Christopher Sundling

Tuberculosis (TB) is the infectious disease that annually claims most lives worldwide. A contributing factor is its global spread, with approximately 25% of the world's population estimated to have been infected by M. tuberculosis (Mtb), causing TB. As carriers of Mtb, individuals are at risk of developing active disease throughout their lives, although it typically occurs within two years after infection. However, the majority of those infected never develop TB, indicating that most individuals exposed develop an immune response capable of controlling the infection. Currently, little is known about how this protection operates. By investigating the immune response in individuals at various stages of Mtb infection and TB disease and in different tissues, we aim to identify biological markers and mechanisms associated with infection control and disease progression. We employ several omics-based methods for broad and in-depth characterization of the immune response. We then integrate and analyze the data bioinformatically to identify overarching biological patterns associated with patient stratification. These findings are further mechanistically investigated using frozen cells from our patient cohorts as well as through cell models. These findings can be utilized to develop novel TB diagnostics that detect the disease at an earlier stage, as well as to understand the mechanisms underlying protection, which can guide future vaccine and treatment research.
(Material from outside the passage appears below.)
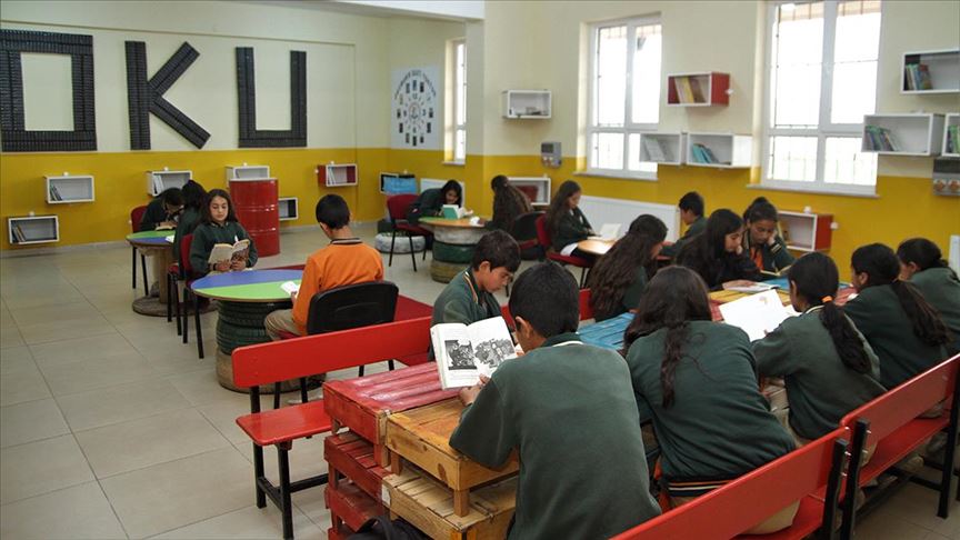 Aşağı Mollahasan Mahallesi'ndeki Şehit Aydın Muştu Ortaokulu öğrencileri, geçen kasım ayında çevrelerinden lastik, sebze kasası, pet şişe, evlerinin yakınlarındaki marangozlardan ise tahta ve kutu gibi geri dönüşüm malzemeleri topladı. Öğrenciler, öğretmenlerinin de desteği ile okulun bir sınıfında bu malzemelerle kütüphane oluşturdu.

Upon repeated or chronic infection, the immune system can be trained to decrease its inflammatory response. These changes enable some pathogens, such as malaria and tuberculosis to co-exist with the host with minimal impact on the host’s health. In this project, our overall aim is to study how the immune system adapts to and controls infection without leading to symptomatic disease. We have established unique cohorts of individuals with either clinical or asymptomatic malaria and clinical or asymptomatic tuberculosis. We will investigate these cohorts at an integrated systems level, cellular level, and molecular level. Our systems immunology approach includes integrating proteomic data from plasma with transcriptomic, phenotypic, and functional peripheral blood cell data and identifying differences associated with symptomatic or asymptomatic infection. We will then assess the effect of the inflammatory response on the B cell compartment, including CD11c+ B cell differentiation and antibody production. Antibody-NK cell interplay will then be evaluated functionally at bulk and single-cell resolution. Finally, we will investigate the role of individual transcription factors and cellular proteins in B cells and monocytes responding to infection or in vitro stimulation. Collectively, these experiments will improve our understanding of tolerance at the whole immune system level, the cellular level, and the molecular level.

Malaria is a potentially severe and fatal infection in non-immune individuals. An efficacious vaccine is urgently needed. Vaccine design is challenged by strain-specific immunity and extensive diversity of many of the potential vaccine targets, as well as how protection can be maintained. The aim of this project is to improve the understanding the naturally acquired immunity to malaria to guide vaccine development, focusing on antigen diversity and maintenance of immunity. The project will explore the antigen diversity of highly polymorphic merozoite surface proteins, in relation to immune responses and their role in protection. A newly developed sequencing method will allow characterization of antigen diversity across geographical areas, and the design of a peptide microarray that will be used to investigate the breadth, magnitude and cross-reactivity of antibody responses. In addition, monoclonal antibodies will be isolated to investigate whether increasing breadth of antibody responses is a result of increased breadth of individual antibody lineages or acquisition of new antibody specificities. Maintenance of immunity and memory B cell responses will be studied using a newly developed multiplex B cell FluoroSpot method. Studies are performed in on longitudinal cohort in malaria endemic areas , as well as travellers and migrants in a non-endemic setting. The overall aim is to contribute to the development of an efficacious multicomponent vaccine against malaria.